Data extract
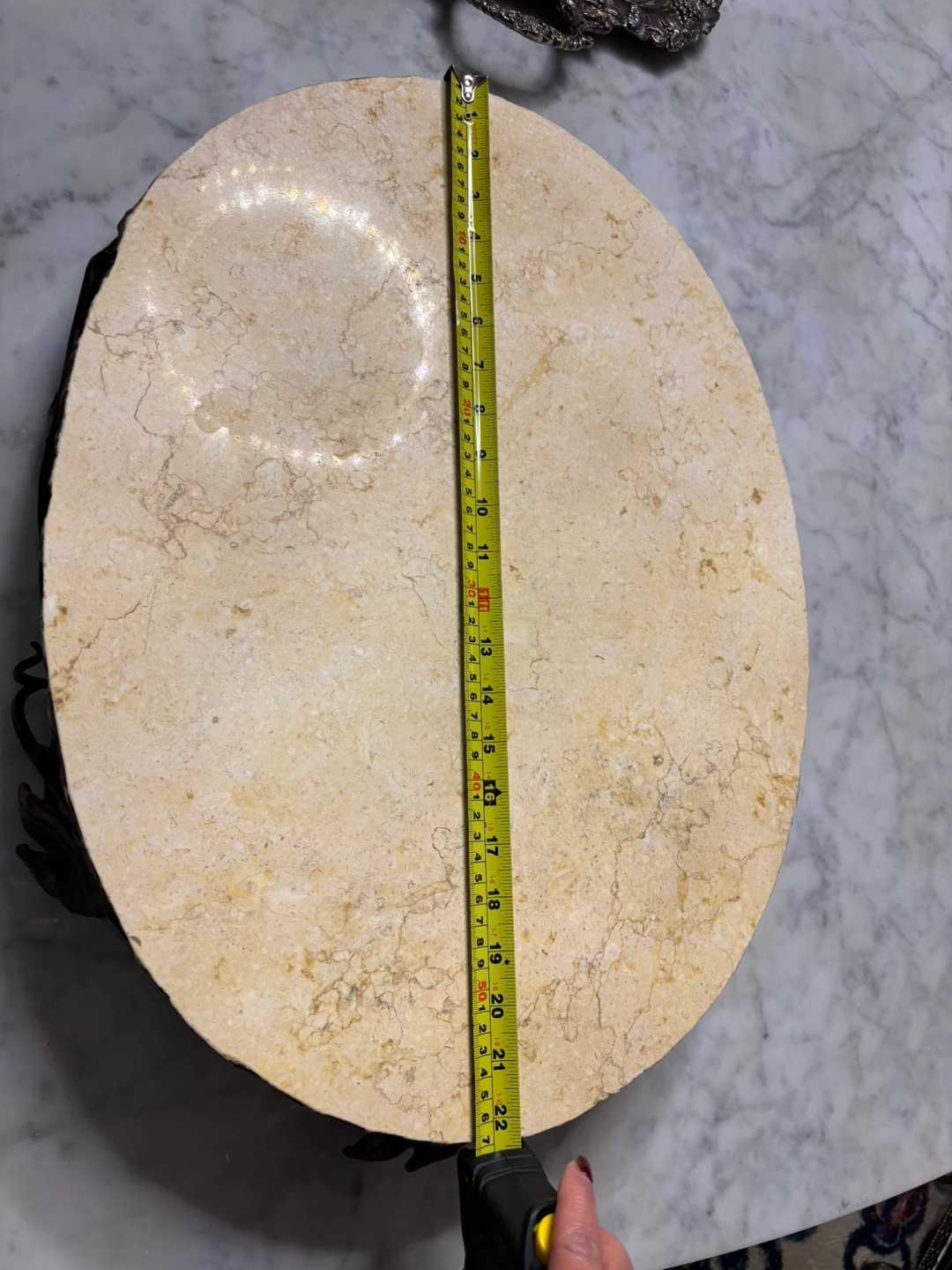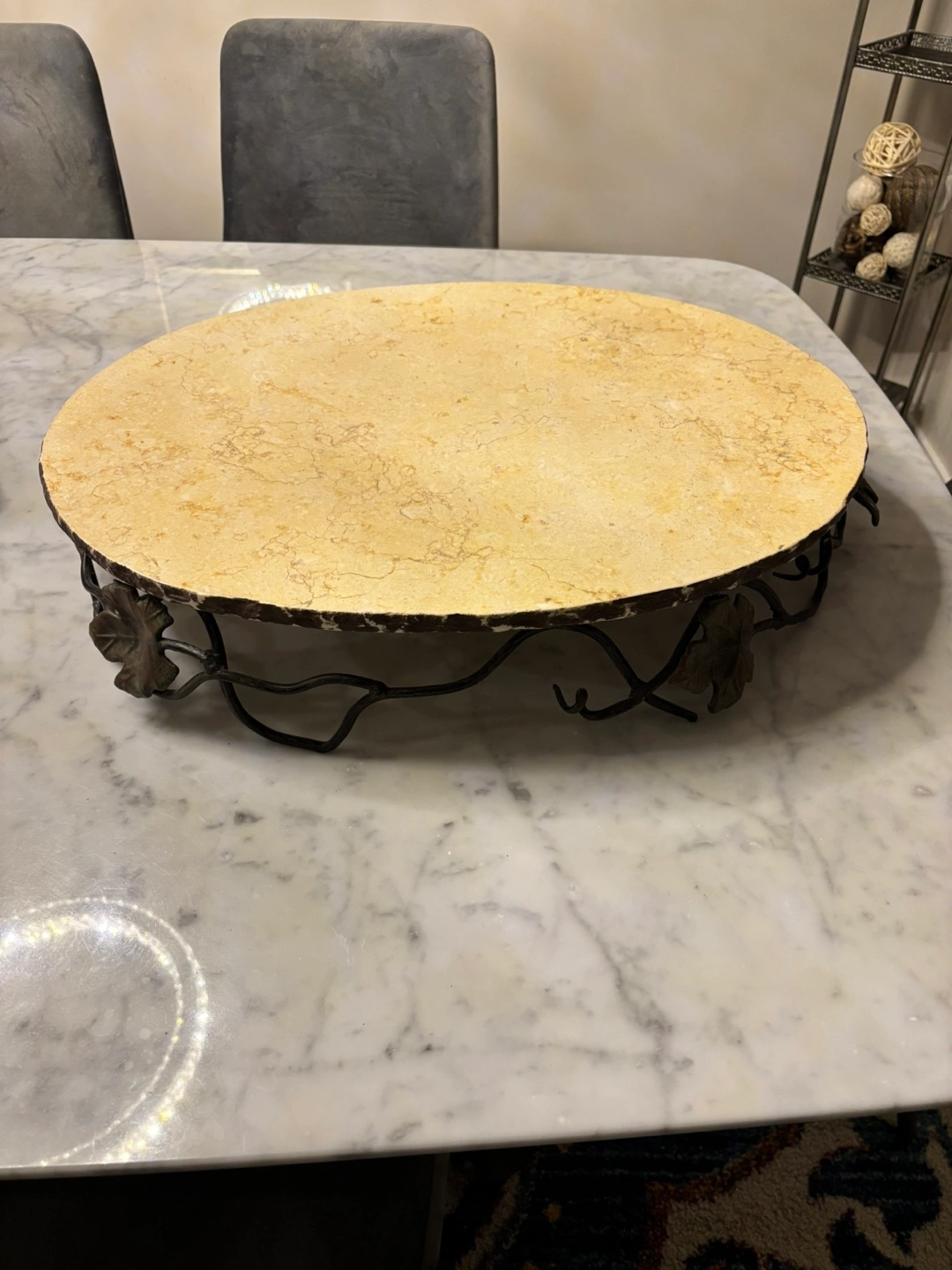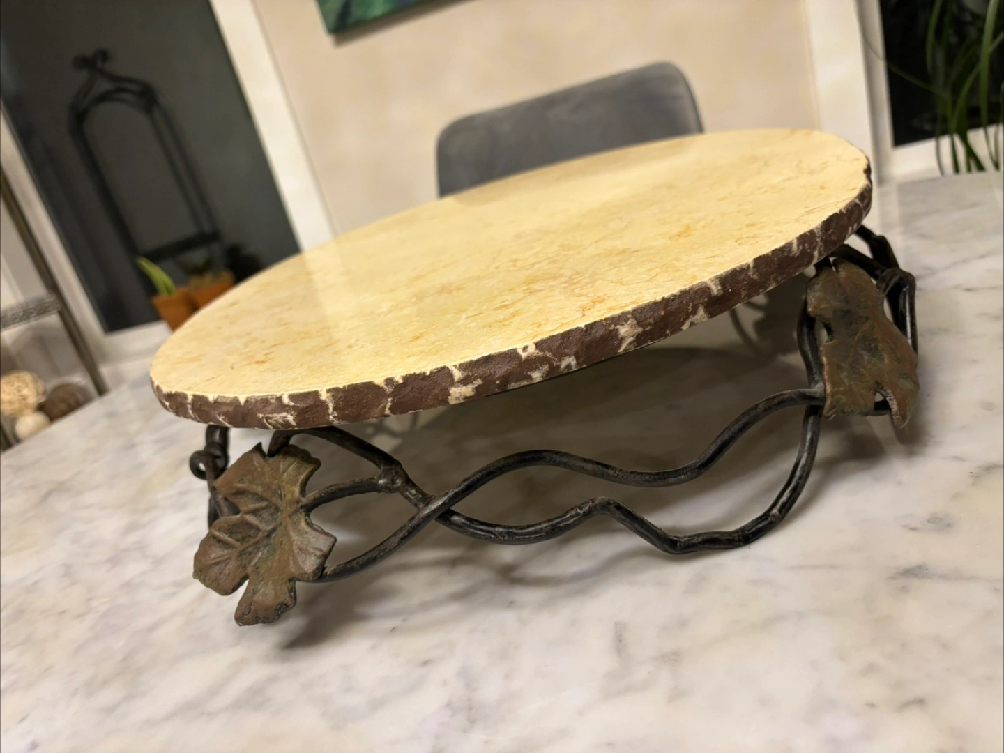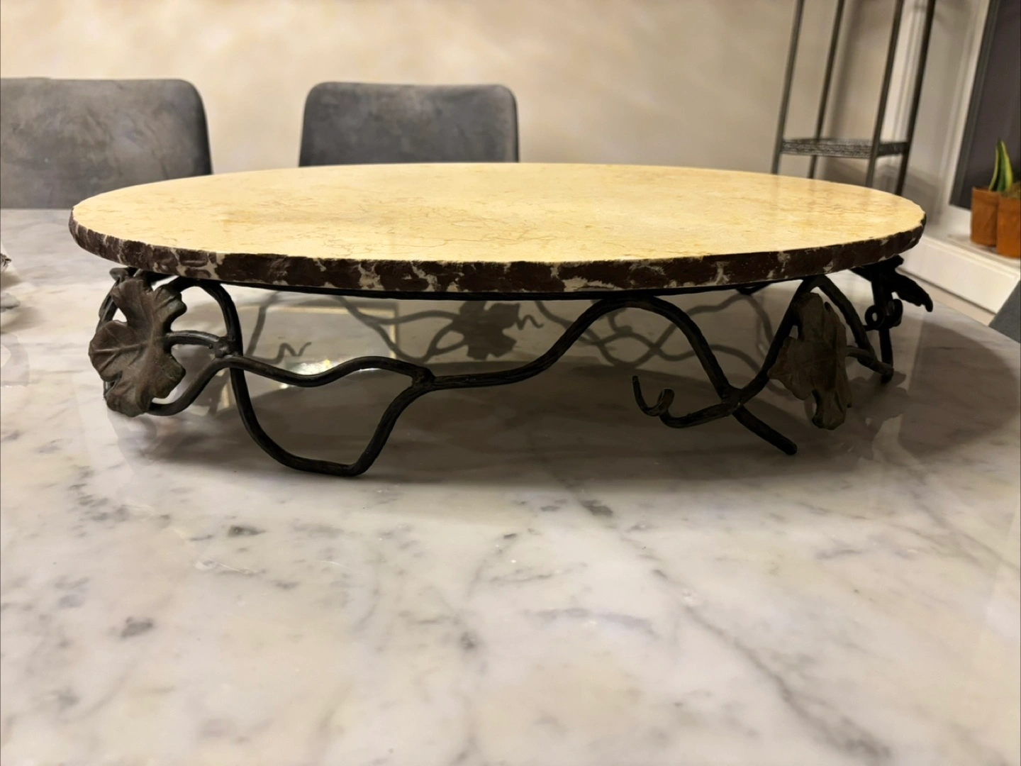 Beautiful oval marble serving tray. Features an ornate metal stand with leaf accents. Approximately 22 inches long. Perfect for parties or everyday use.
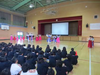 代表の児童が「剣舞」についての説明と、今日の発表の意気込みを伝えてくれました。
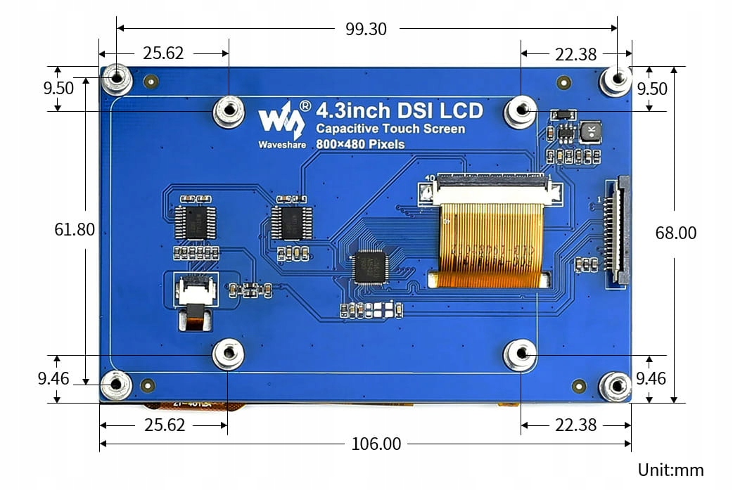 ⭐4,3-дюймовий дисплей IPS 800x480 MPI DSI та ємнісна сенсорна панель, присвячена Raspberry Pi.
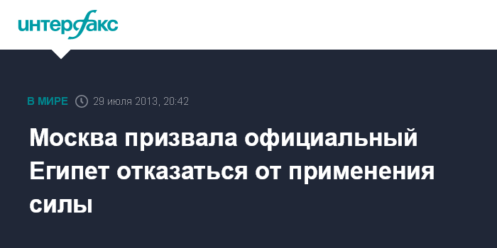 Москва. 29 июля. INTERFAX.RU - МИД РФ считает, что египетские политики должны отказаться от силовых методов разрешения существующих между ними противоречий, а власти этой страны должны исходить из приоритета обеспечения прав граждан. Об этом гоорится в сообщении замдиректора Департамента информации и печати МИД РФ Марии Захаровой, опубликованном на сайте ведомства в понедельник.

What is required
All that is needed here is the run of lines from the one containing "代表の児童が「剣舞」についての説明と、今日の発表の意気込みを伝えてくれました。" through the end of the material above, reproduced exactly and without pictures.

The completed task
 代表の児童が「剣舞」についての説明と、今日の発表の意気込みを伝えてくれました。
 ⭐4,3-дюймовий дисплей IPS 800x480 MPI DSI та ємнісна сенсорна панель, присвячена Raspberry Pi.
 Москва. 29 июля. INTERFAX.RU - МИД РФ считает, что египетские политики должны отказаться от силовых методов разрешения существующих между ними противоречий, а власти этой страны должны исходить из приоритета обеспечения прав граждан. Об этом гоорится в сообщении замдиректора Департамента информации и печати МИД РФ Марии Захаровой, опубликованном на сайте ведомства в понедельник.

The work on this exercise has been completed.